§ **Exercise aim**:
Line by line, copy out the entries exactly and leave the pictures behind.

§ **Records provided**:
● ● ● ● ● ● ●

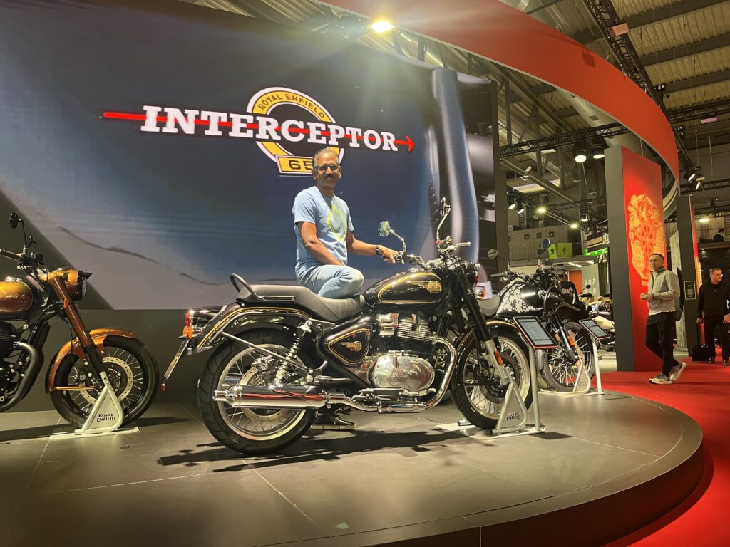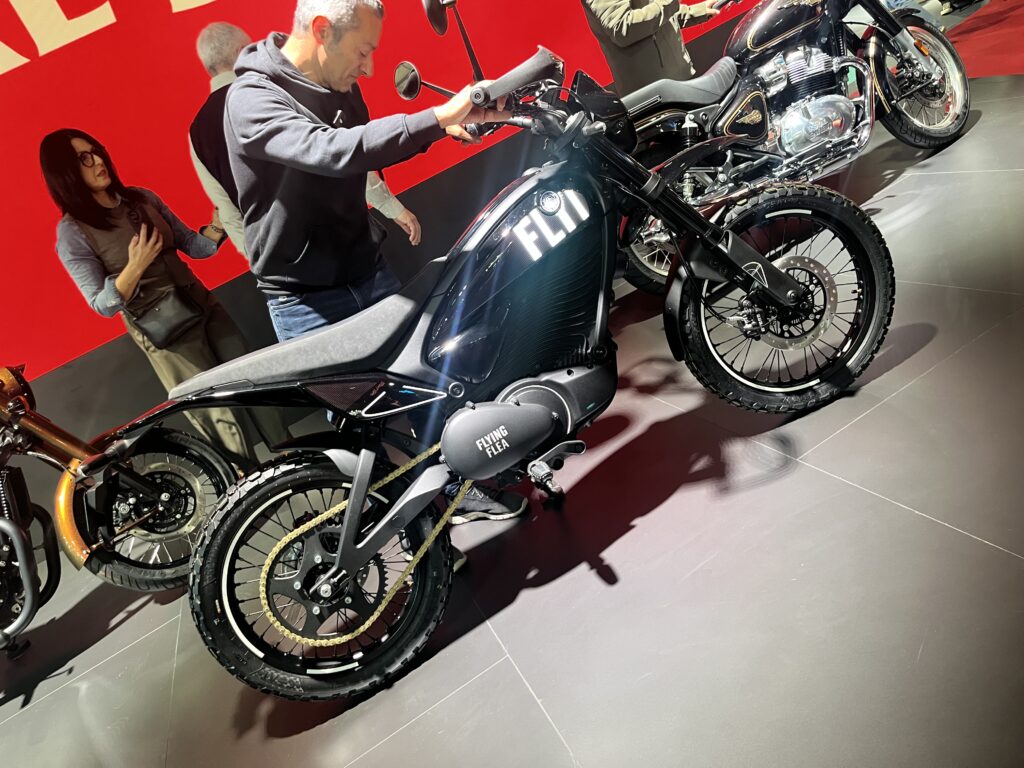 Royal Enfieldin osastolla komeili juhlan kunniaksi kopio valmistajan ensimmäisestä moottoripyörästä osoittaen merkin sitoutumista omiin perinteisiinsä. Toisaalta Royal Enfieldillä katsotaan myös tulevaisuuteen Flying Flea -sähköbrändillä.
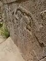 واقع در بخش میانی: جزئیات سر یک ایزدبانو (ناپیریشا؟) که بر تخت نشسته و کلاهی شاخدار بهسر دارد. بالای سر او ابری راهراه از دود یا بخار نقش شدهاست.
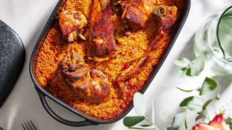 - Φουρνίζουμε και ψήνουμε για 1-1 1⁄2 ώρα, μέχρι να μαλακώσει το κρέας. Βγάζουμε το σκεύος από τον φούρνο, το ξεσκεπάζουμε και σκορπίζουμε το κουσκούς ανάμεσα στα κομμάτια του κρέατος. Θα πρέπει να έχει μείνει τόση σάλτσα ώστε να καλύψει το ζυμαρικό, διαφορετικά προσθέτουμε νερό, καυτό.
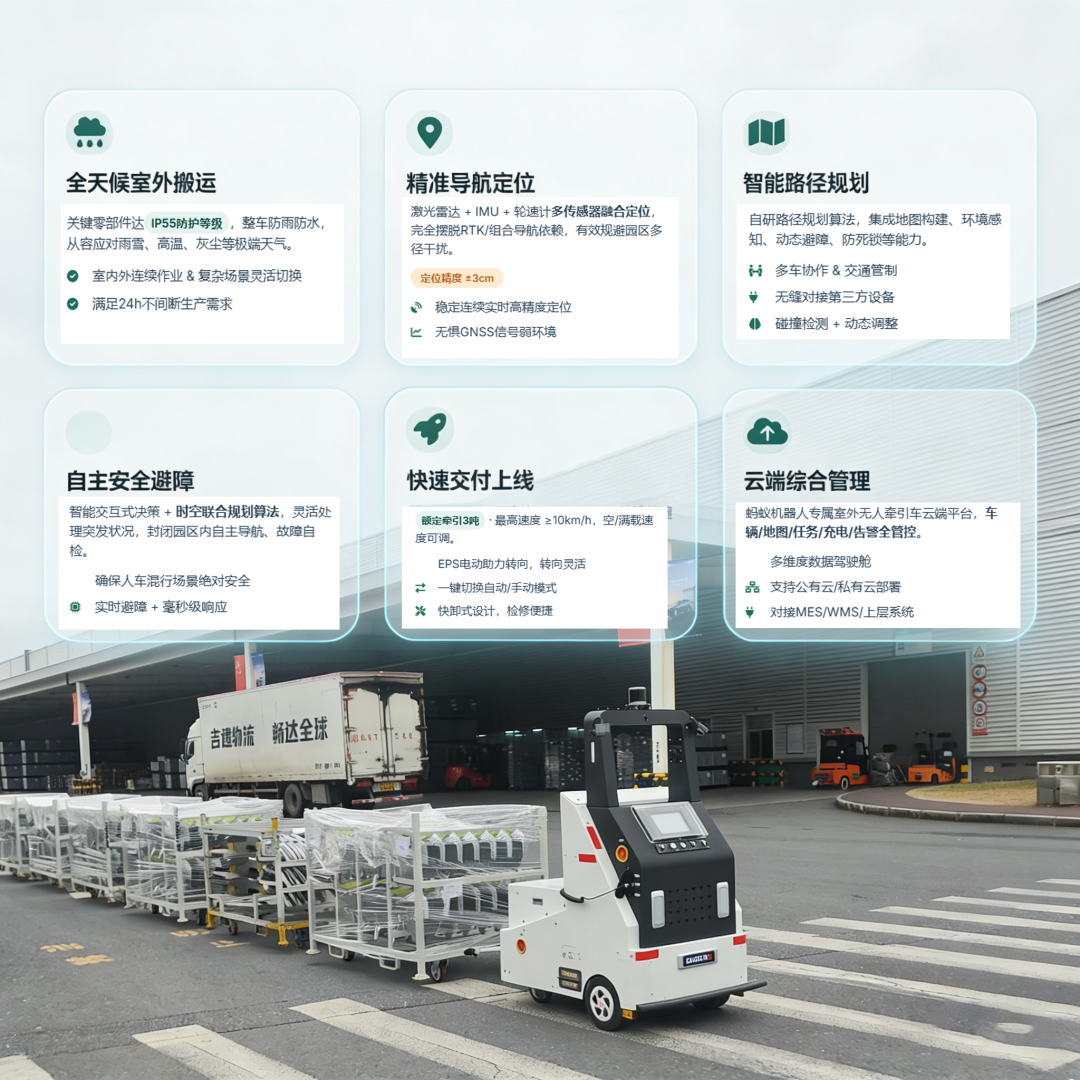从人工驾驶到无人牵引,从室外洼地到智慧高地,吉利汽车与蚂蚁机器人的合作打造l了室外园区智慧物流的新标杆,未来蚂蚁机器人将持续深耕智慧搬运领域,以更先进的技术、更可靠的方案,助力更多制造企业实现物流升级与智造转型。
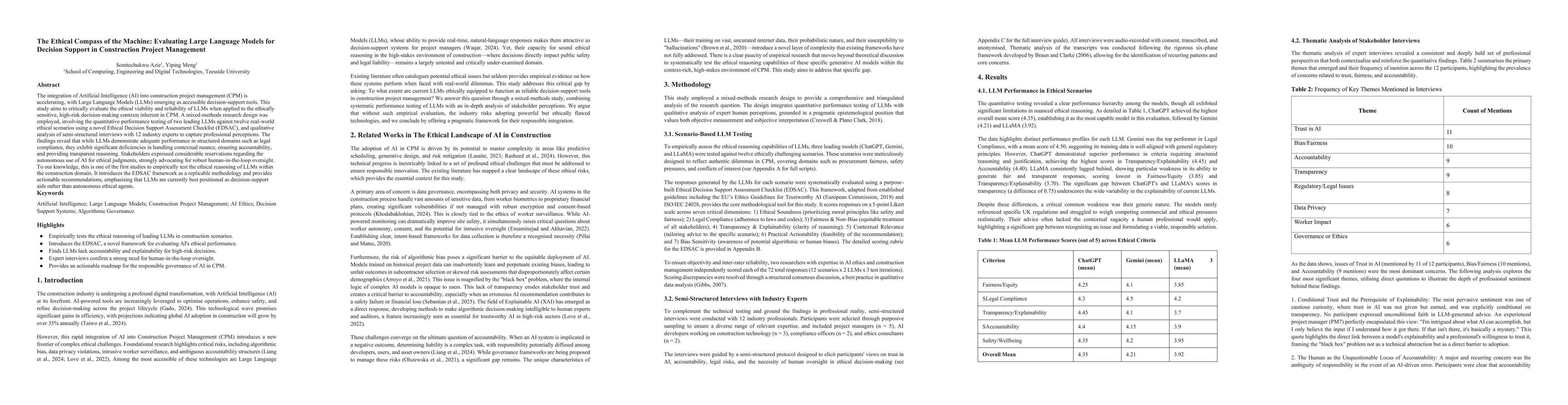 The integration of Artificial Intelligence (AI) into construction project management (CPM) is accelerating, with Large Language Models (LLMs) emerging as accessible decision-support tools. This study aims to critically evaluate the ethical viability and reliability of LLMs when applied to the ethically sensitive, high-risk decision-making contexts inherent in CPM. A mixed-methods research design was employed, involving the quantitative performance testing of two leading LLMs against twelve real-world ethical scenarios using a novel Ethical Decision Support Assessment Checklist (EDSAC), and qualitative analysis of semi-structured interviews with 12 industry experts to capture professional perceptions. The findings reveal that while LLMs demonstrate adequate performance in structured domains such as legal compliance, they exhibit significant deficiencies in handling contextual nuance, ensuring accountability, and providing transparent reasoning. Stakeholders expressed considerable reservations regarding the autonomous use of AI for ethical judgments, strongly advocating for robust human-in-the-loop oversight. To our knowledge, this is one of the first studies to empirically test the ethical reasoning of LLMs within the construction domain. It introduces the EDSAC framework as a replicable methodology and provides actionable recommendations, emphasising that LLMs are currently best positioned as decision-support aids rather than autonomous ethical agents.
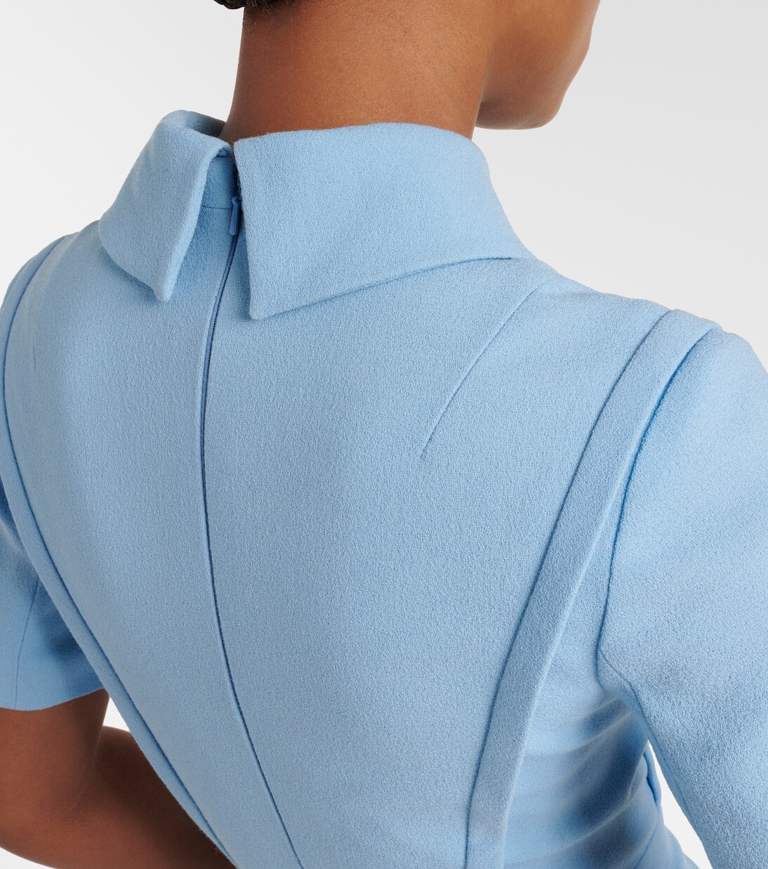 Emilia Wickstead, одновременно изысканная и лаконичная, доказывает, что простые, хорошо выполненные силуэты всегда будут привлекать внимание. Коктейльное платье Valletta из шерсти дополнено острым воротником и разрезом сзади.
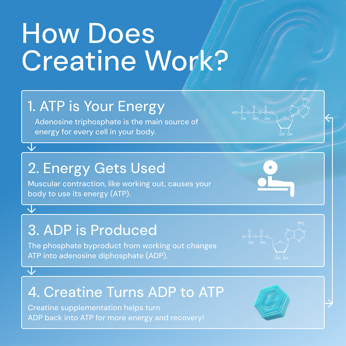The main benefits of creatine are increasing strength, building muscle, muscle recovery, and improved mental acuity.
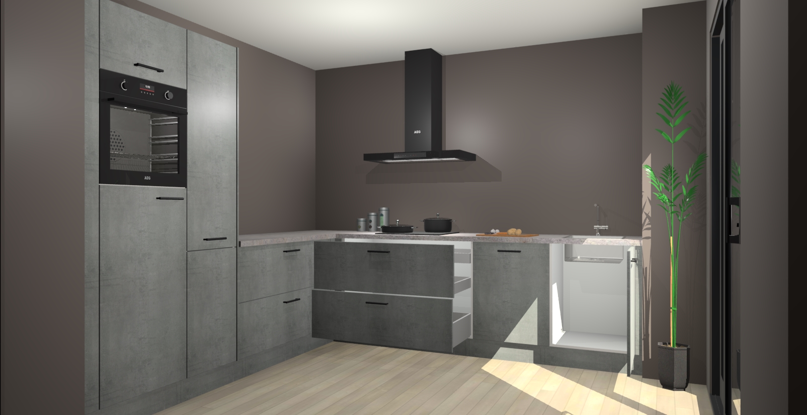 Laat u verrassen door de nieuwste en meest innovatieve keuken van dit moment: De Beton Parelgrijs keuken Antibes. Deze chique keuken straalt een stijlvolle sfeer uit die zeker bewondering zal oogsten bij uw gasten. Als u op zoek bent naar voldoende opbergruimte voor al uw keukengadgets en -gerei, dan is dit de perfecte oplossing. Met ingebouwde apparatuur zoals een oven, inductiekookplaat, afzuigkap, vaatwasser en koelkast! U krijgt niet alleen veel opbergruimte, maar ook een betrouwbaar soft close-deursysteem dat ervoor zorgt dat er nooit meer kastdeuren dichtslaan!
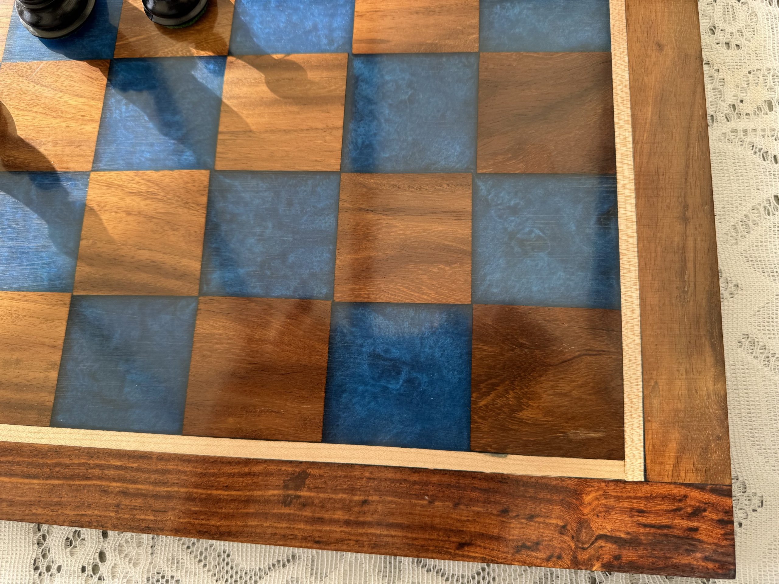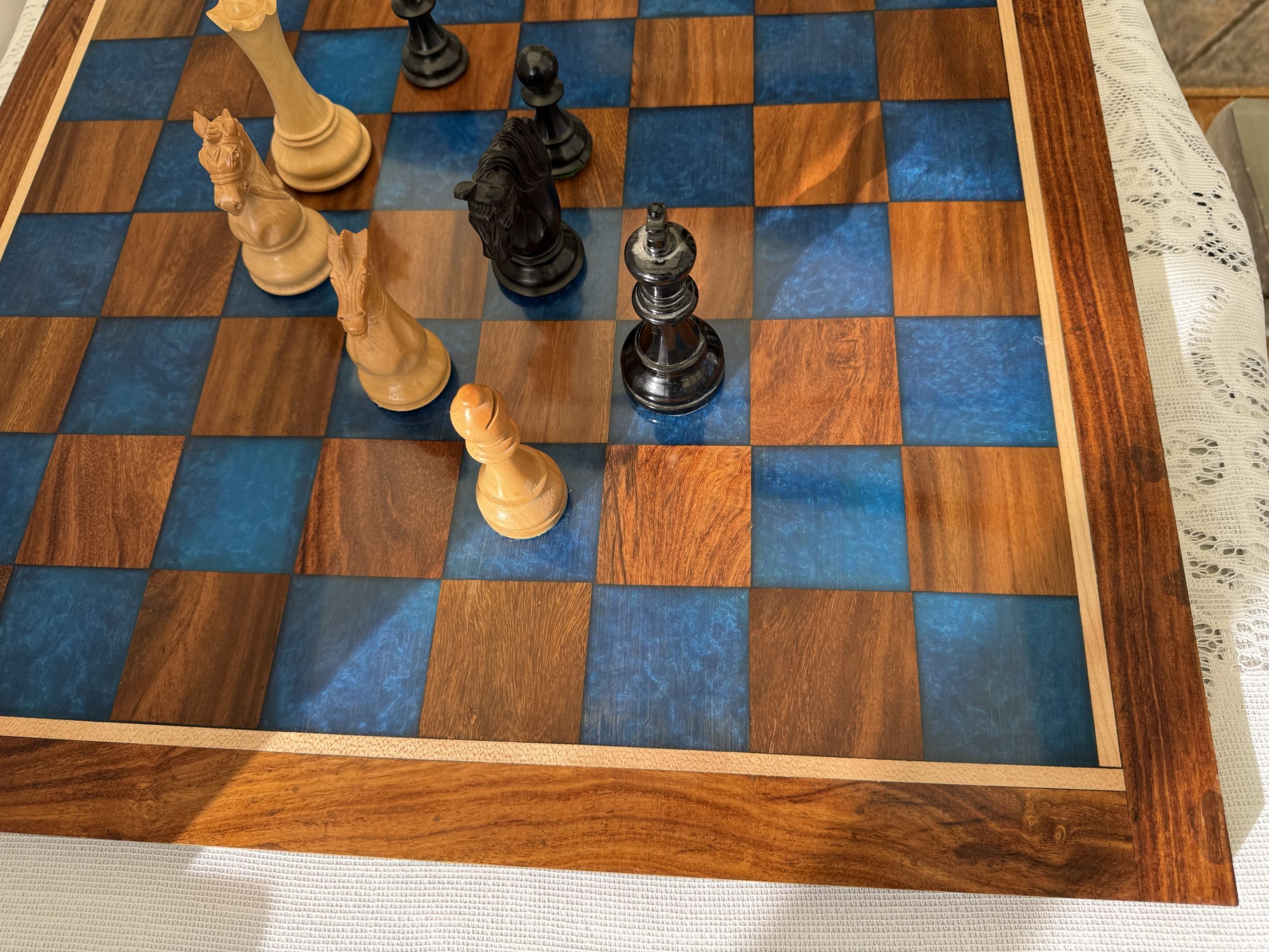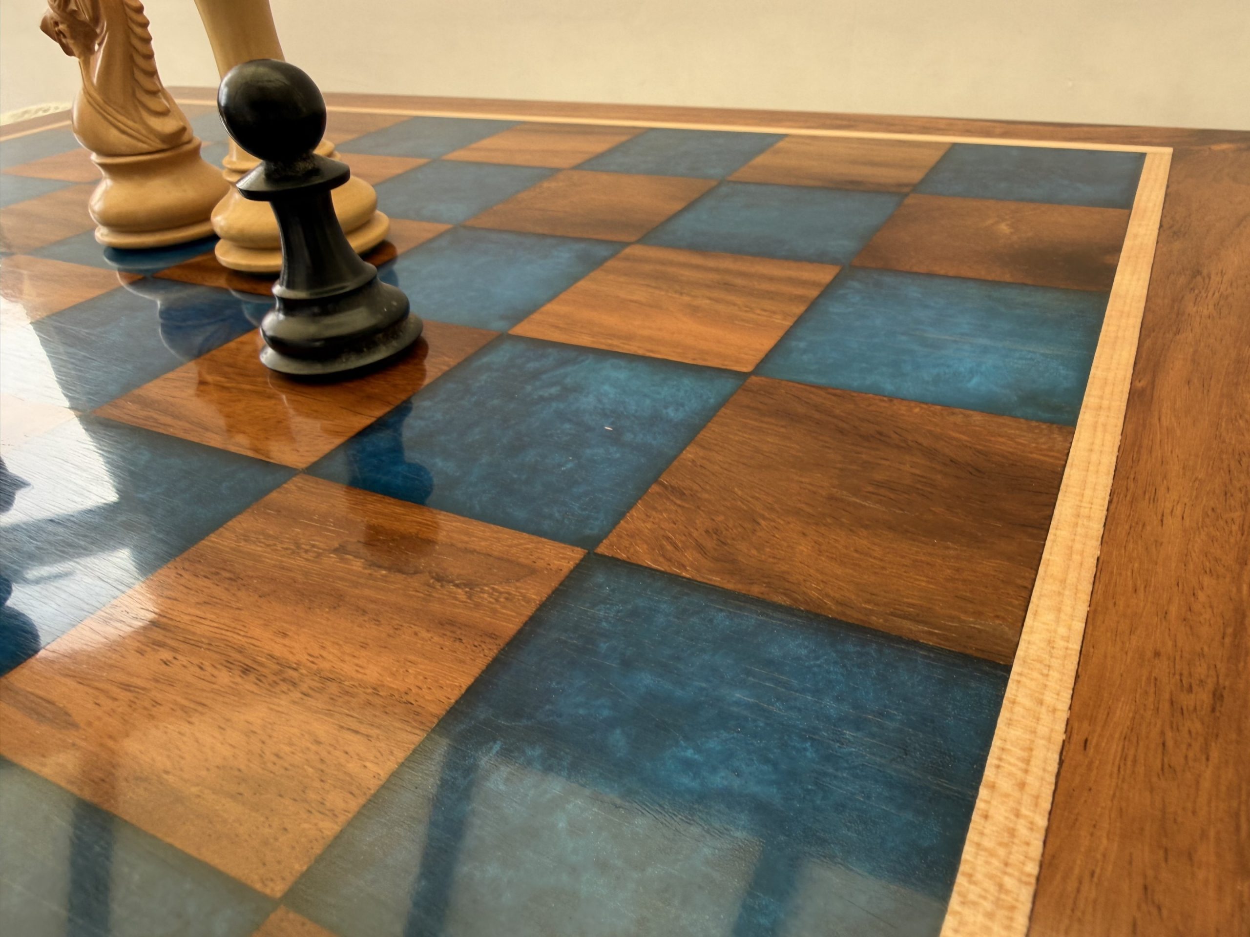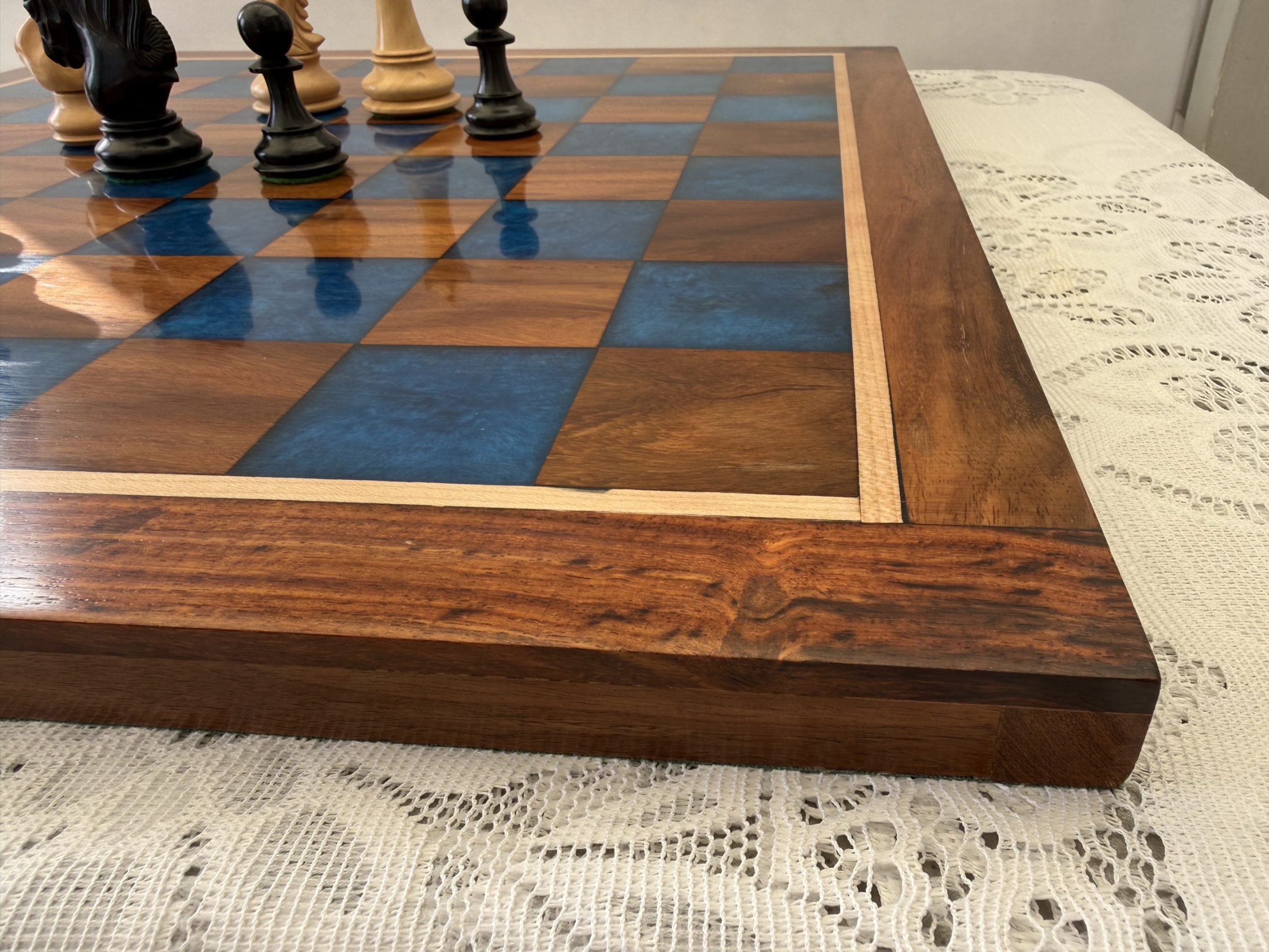 This is a board that pairs beautifully with both classic ebony sets and lighter natural woods. It particularly rewards well-carved knights — the darker field providing a theatrical backdrop that makes sculptural detail stand out.

● ● ● ● ● ● ●

§ **Response to this exercise**:
 Royal Enfieldin osastolla komeili juhlan kunniaksi kopio valmistajan ensimmäisestä moottoripyörästä osoittaen merkin sitoutumista omiin perinteisiinsä. Toisaalta Royal Enfieldillä katsotaan myös tulevaisuuteen Flying Flea -sähköbrändillä.
 واقع در بخش میانی: جزئیات سر یک ایزدبانو (ناپیریشا؟) که بر تخت نشسته و کلاهی شاخدار بهسر دارد. بالای سر او ابری راهراه از دود یا بخار نقش شدهاست.
 - Φουρνίζουμε και ψήνουμε για 1-1 1⁄2 ώρα, μέχρι να μαλακώσει το κρέας. Βγάζουμε το σκεύος από τον φούρνο, το ξεσκεπάζουμε και σκορπίζουμε το κουσκούς ανάμεσα στα κομμάτια του κρέατος. Θα πρέπει να έχει μείνει τόση σάλτσα ώστε να καλύψει το ζυμαρικό, διαφορετικά προσθέτουμε νερό, καυτό.
从人工驾驶到无人牵引,从室外洼地到智慧高地,吉利汽车与蚂蚁机器人的合作打造l了室外园区智慧物流的新标杆,未来蚂蚁机器人将持续深耕智慧搬运领域,以更先进的技术、更可靠的方案,助力更多制造企业实现物流升级与智造转型。
 The integration of Artificial Intelligence (AI) into construction project management (CPM) is accelerating, with Large Language Models (LLMs) emerging as accessible decision-support tools. This study aims to critically evaluate the ethical viability and reliability of LLMs when applied to the ethically sensitive, high-risk decision-making contexts inherent in CPM. A mixed-methods research design was employed, involving the quantitative performance testing of two leading LLMs against twelve real-world ethical scenarios using a novel Ethical Decision Support Assessment Checklist (EDSAC), and qualitative analysis of semi-structured interviews with 12 industry experts to capture professional perceptions. The findings reveal that while LLMs demonstrate adequate performance in structured domains such as legal compliance, they exhibit significant deficiencies in handling contextual nuance, ensuring accountability, and providing transparent reasoning. Stakeholders expressed considerable reservations regarding the autonomous use of AI for ethical judgments, strongly advocating for robust human-in-the-loop oversight. To our knowledge, this is one of the first studies to empirically test the ethical reasoning of LLMs within the construction domain. It introduces the EDSAC framework as a replicable methodology and provides actionable recommendations, emphasising that LLMs are currently best positioned as decision-support aids rather than autonomous ethical agents.
 Emilia Wickstead, одновременно изысканная и лаконичная, доказывает, что простые, хорошо выполненные силуэты всегда будут привлекать внимание. Коктейльное платье Valletta из шерсти дополнено острым воротником и разрезом сзади.
The main benefits of creatine are increasing strength, building muscle, muscle recovery, and improved mental acuity.
 Laat u verrassen door de nieuwste en meest innovatieve keuken van dit moment: De Beton Parelgrijs keuken Antibes. Deze chique keuken straalt een stijlvolle sfeer uit die zeker bewondering zal oogsten bij uw gasten. Als u op zoek bent naar voldoende opbergruimte voor al uw keukengadgets en -gerei, dan is dit de perfecte oplossing. Met ingebouwde apparatuur zoals een oven, inductiekookplaat, afzuigkap, vaatwasser en koelkast! U krijgt niet alleen veel opbergruimte, maar ook een betrouwbaar soft close-deursysteem dat ervoor zorgt dat er nooit meer kastdeuren dichtslaan!
 This is a board that pairs beautifully with both classic ebony sets and lighter natural woods. It particularly rewards well-carved knights — the darker field providing a theatrical backdrop that makes sculptural detail stand out.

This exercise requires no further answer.